Die Grünen sind hingegen wieder einmal der klare Verlierer der koalitionsinternen Verhandlungen – zumindest, wenn man die Ergebnisse nach ihrer ökologischen Kernprogrammatik bewertet. Ausgerechnet eine grüne Partei trägt einen Benzin- und Dieselpreisrabatt mit – und das ohne jegliche Gewissensbisse, einen Hauch Selbstkritik oder öffentliche Einwände. Bezeichnend ist auch, dass der Klimaschutz in dem Maßnahmenpaket der Regierung noch nicht einmal eine Nebenrolle einnimmt.

Finanzen und andere offene Fragen

Das Abschlussdokument liest sich demnach wie eine Verschriftlichung der Machtverhältnisse der blau-rot-grünen Koalition: Grundsätzlich liberal, mit sozialem Gewissen und bröckelndem grünem Anstrich. Auffällig ist aber auch die finanzpolitische Perspektive, die in grenzenloser Kontinuität zu den Ausgaben für die Bewältigung der Pandemie steht. Budgetäre Spielräume sind zwar im internationalen Vergleich in Luxemburg immer noch vorhanden. Doch nicht nur klimapolitisch, sondern auch finanziell ist das « Solidaritéitspak » keine allzu frohe Botschaft für kommende Generationen.

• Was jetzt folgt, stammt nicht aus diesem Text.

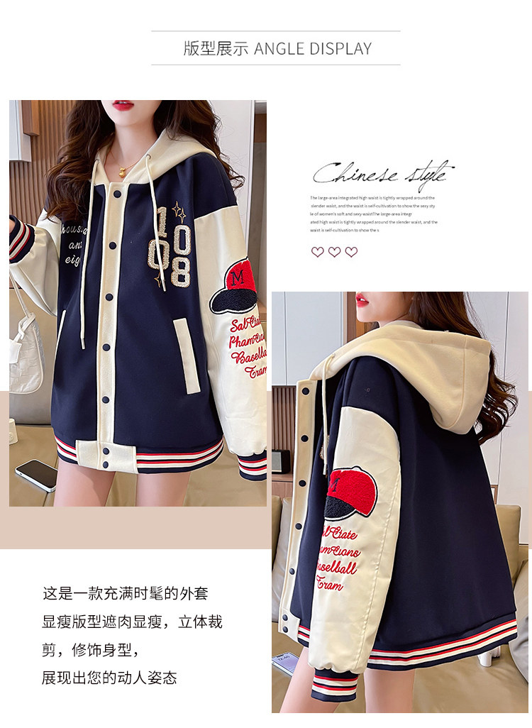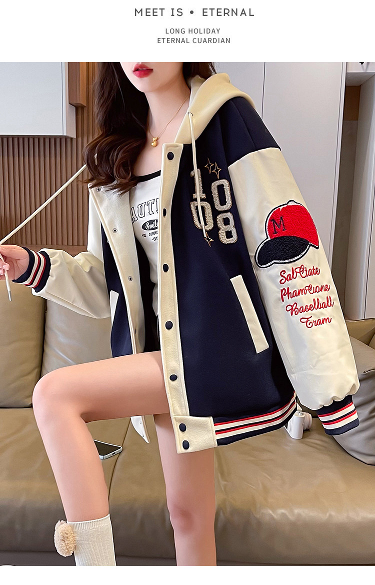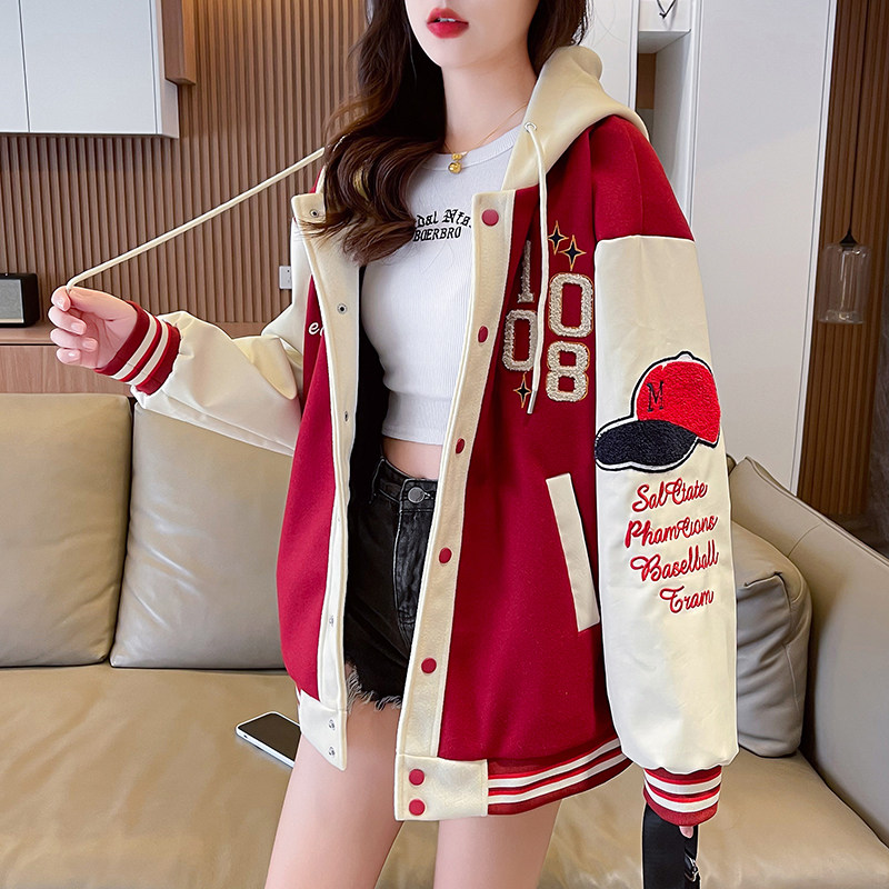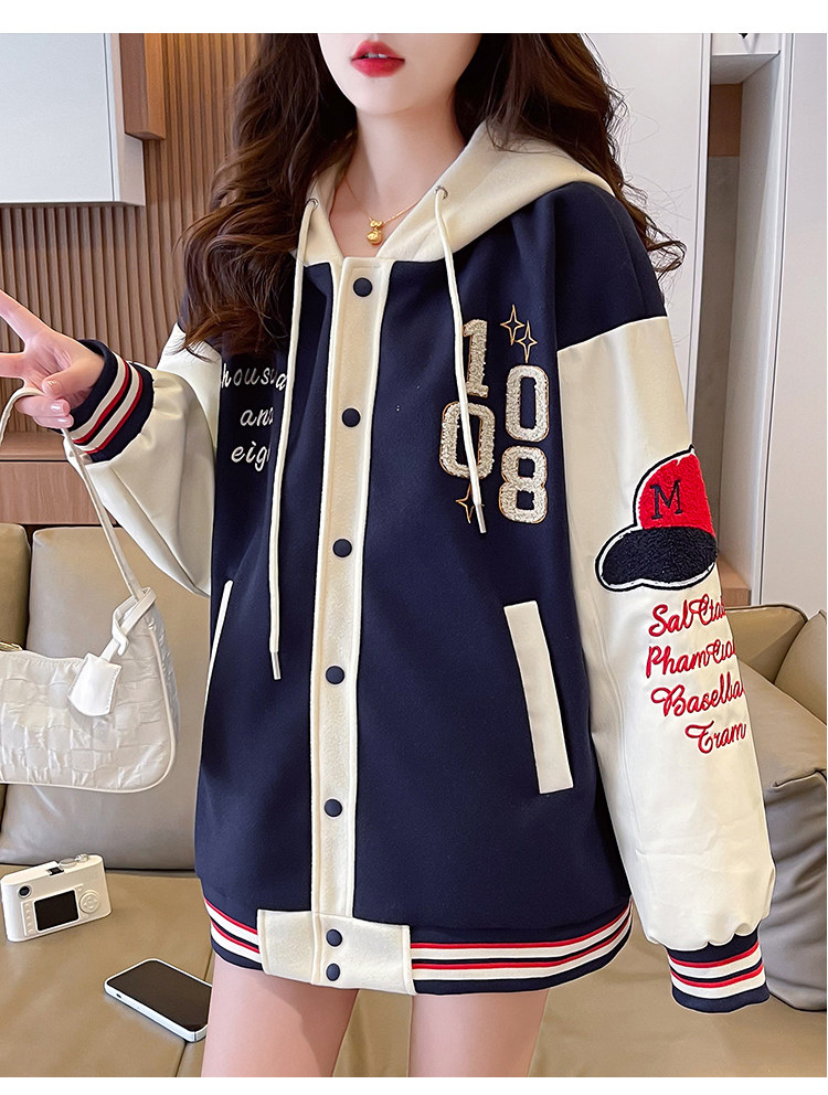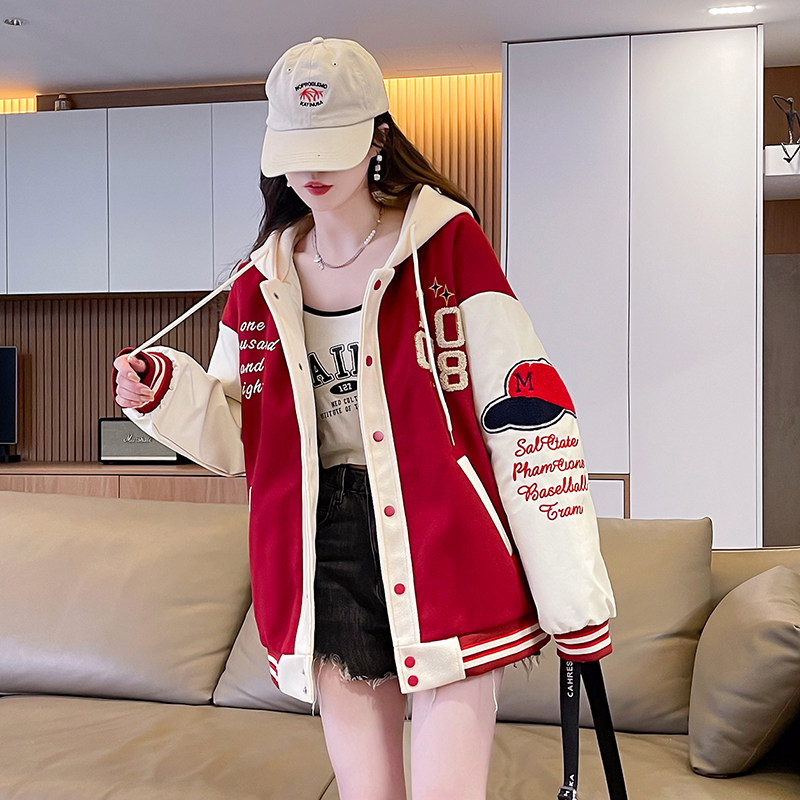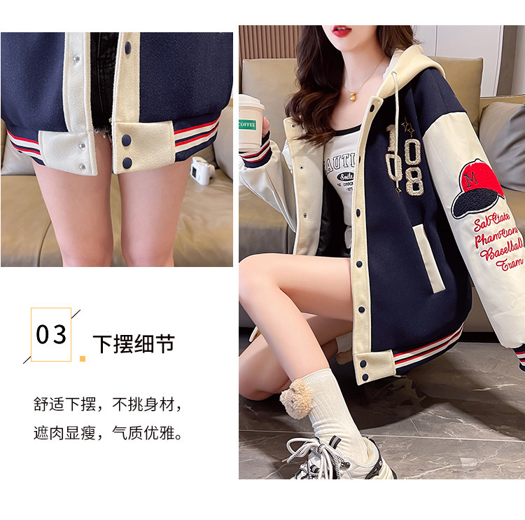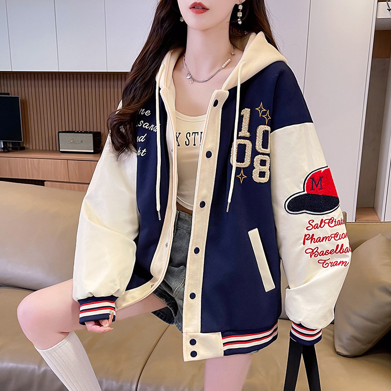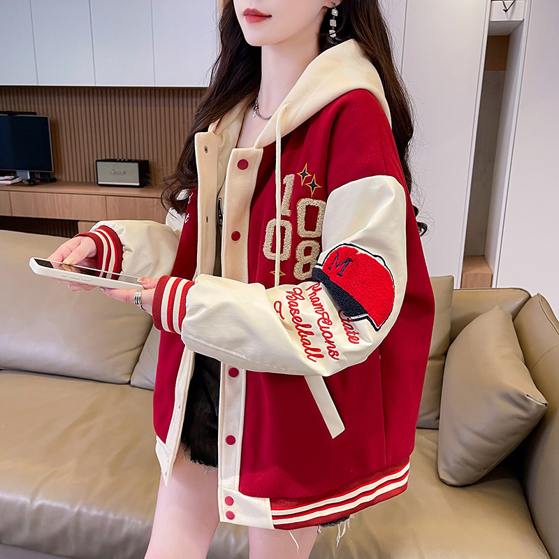 美式棒球服外套女秋冬季加絨加厚夾克2025新款初高中學生大童棉服
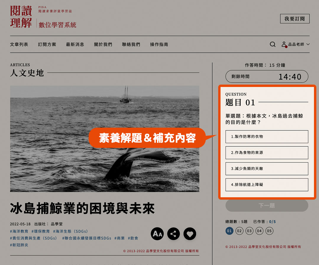 閱讀理解junior數位平臺:隨選隨看,無限次閱讀品學堂數位擴充內容
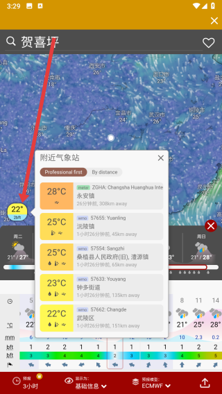 4、點(diǎn)擊箭頭指向處按鈕,可以查看附近的氣象站信息。

Geradezu skandalös mutet zudem die Vorgehensweise des Parlaments an. Mit breiter Mehrheit und hochtrabendem Konsenspathos (die CSV stimmte für eine entsprechende Motion) stellten die Abgeordneten der Exekutive beim Tripartite-Abkommen quasi einen Blankoscheck aus – wohlgemerkt ohne zu diesem Zeitpunkt die technischen Details und genauen Zahlen der zwischen der Regierung, den Arbeitgebern, der CGFP und dem LCGB verabredeten Maßnahmen zu kennen.

Nicht auszuschließen ist, dass die Sozialpartner sich bald schon wieder an einen Tisch setzen müssen, um über rote Linien, Überkompensierungen und womöglich noch historischere Maßnahmen zu verhandeln. »

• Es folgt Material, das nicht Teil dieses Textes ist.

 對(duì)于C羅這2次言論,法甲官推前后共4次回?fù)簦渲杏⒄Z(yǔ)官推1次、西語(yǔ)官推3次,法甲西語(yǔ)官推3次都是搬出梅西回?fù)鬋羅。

Eine weitere Lehre dieser Tage ist demnach, dass man sich mittlerweile wohl an ungeahnte Krisenlagen, die schier unbegrenzten Ausmaße von deren Bewältigung und entsprechend dramatische politische Rhetorik gewöhnen muss. Luxemburg habe in der Pandemie bewiesen, dass es zu Solidarität mit jenen bereit ist, die hilfsbedürftig sind, sagte der Premier am Donnerstag im Parlament. Auch in dieser Krise habe die Solidarität ihren Preis, so Xavier Bettel weiter. Nur, dass « diese Krise » aus heutiger Sicht ähnlich unberechenbar scheint wie die – übrigens noch nicht wirklich gemeisterte – Herausforderung des Coronavirus.

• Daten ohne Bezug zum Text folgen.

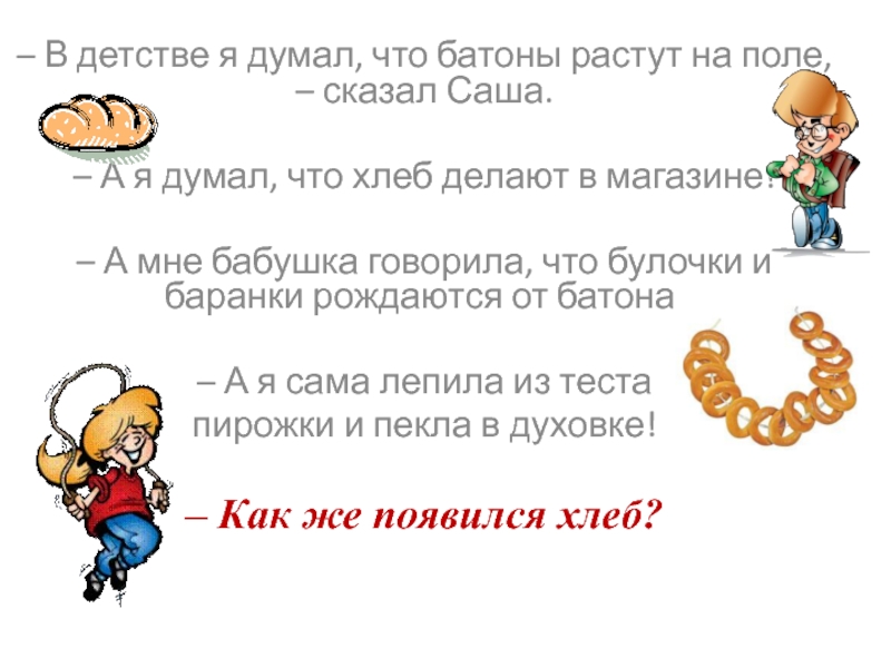 Древние люди заметили, что брошенное в землю зерно возвращает несколько зерен, что на рыхлой и влажной земле вырастает больше зерен. Долгое время люди употребляли в пищу зерна в сыром виде, затем научились растирать их между камнями, получая крупу, и варить ее. Так появились первые жернова, первая мука, первый хлеб. Первый хлеб имел вид жидкой каши. Она и является прародительницей хлеба.
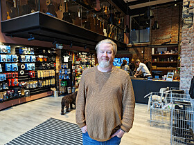 Butikksjef Jorge Falck ved inngangen til 4Sound Trondheim. Foto: Stian Sønsteng
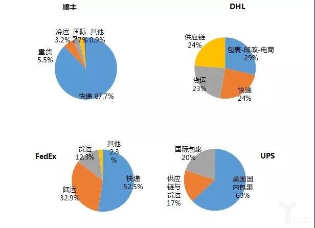 德国邮政DHL服务功能分配最均衡,UPS和FDX虽然都有综合性物流业务但仍然偏重快递业务。国内最先进的顺丰,重货、冷链、国际等新兴业务占比仅为11.4%。
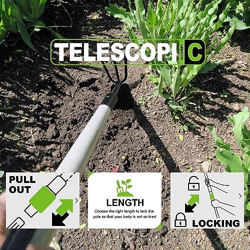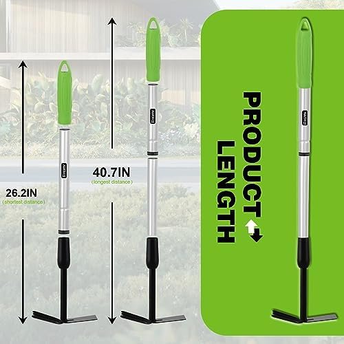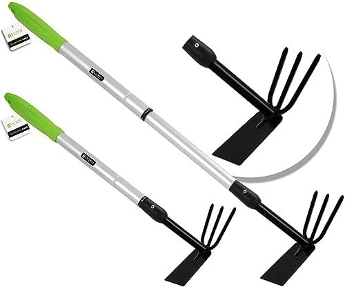 Evcitn Hoe and Cultivator Hand Tiller with 40.7IN Adjustable Long Handle
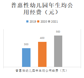 财政性投入不断增长。2015年全市学前教育财政性投入0.53亿元,2020年增至1.23亿元。2020年全市学前教育财政性投入占当年全市国家财政性教育经费总投入的2.5%。从2019年起,我市公办幼儿园年生均公用经费拨款标准为300元,2020年为400元,2021年达到500元,对普惠性民办幼儿园参照公办幼儿园生均公用经费财政拨款标准落实补助。
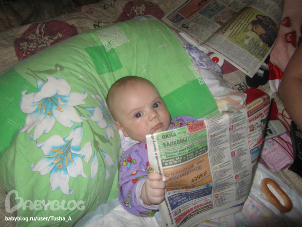 Перевороты делает с животика на спину только, а со спины на живот не может, максимум на бок, а дальше никак. Смеется в голос очень часто, стал очень улыбчивый, хмурость сошла. Узнает всех вокруг и даже врачам улыбается. Научился ладошки ставить сзади себя и из положения полулежа садится, пыжится аж кроаснеет. Раньше не поощрла,все говорили рано, но он подтягивается уже буквально за все.. Даже когда в коляске лежит за бортики руками хватается и тянется. Научился ко мне ручки тянуть, когда кто-то другой на руках держит. Барахтается на животике, понемного отползает назад, ноги научился трогать. Когда лежит на спине, попу поднимает, как бы пробует на мостик становиться)Так много всего уже умеет!! Песни петь так и продолжает буа-гу, аа, ага, ага, угу и много мн7ого разных других слогов)) Читаем сказки, поем песни, гуляем- это все по старому. Купаемся по прежнему в кругу, волны пускает ну просто морские!
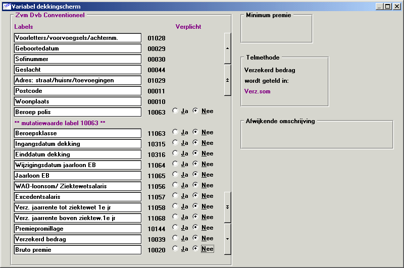 Labels 11074 en 61074 kennen vijf vaste coderingen: D, DV, P, PV en A. Met code D (dekking per werknemer) en DV (dekking per werknemer verplicht) kiest u voor model I en kunt u meerdere dekkingen met dezelfde code in de polis opnemen. Met code P (polis per werknemer) en PV (polis per werknemer verplicht) kiest u voor model II. Als eenmaal dekkingen en polissen aanwezig zijn kunnen de labels 11074 en 61074 niet meer worden gemuteerd van een code P naar een code D en vice versa.

Der voraussichtliche Preis des « historischen Maßnahmenpakets » (Bettel) liegt übrigens bei rund 830 Millionen Euro. Fraglich ist aber nicht nur, ob die Summe vertretbar ist und die verschiedenen Maßnahmen so wirken, wie sich die Regierung es erhofft. Vielmehr ist völlig offen, wie lange sie ausreichen werden. Denn der Ukrainekrieg ist längst nicht vorbei und die weltwirtschaftlichen Folgen des Konflikts sind alles andere als absehbar. Nicht auszuschließen ist demnach, dass die Sozialpartner (inklusive des abtrünnigen OGBL) sich bald schon wieder an einen Tisch setzen müssen, um über rote Linien, Überkompensierungen und womöglich noch historischere Maßnahmen zu verhandeln.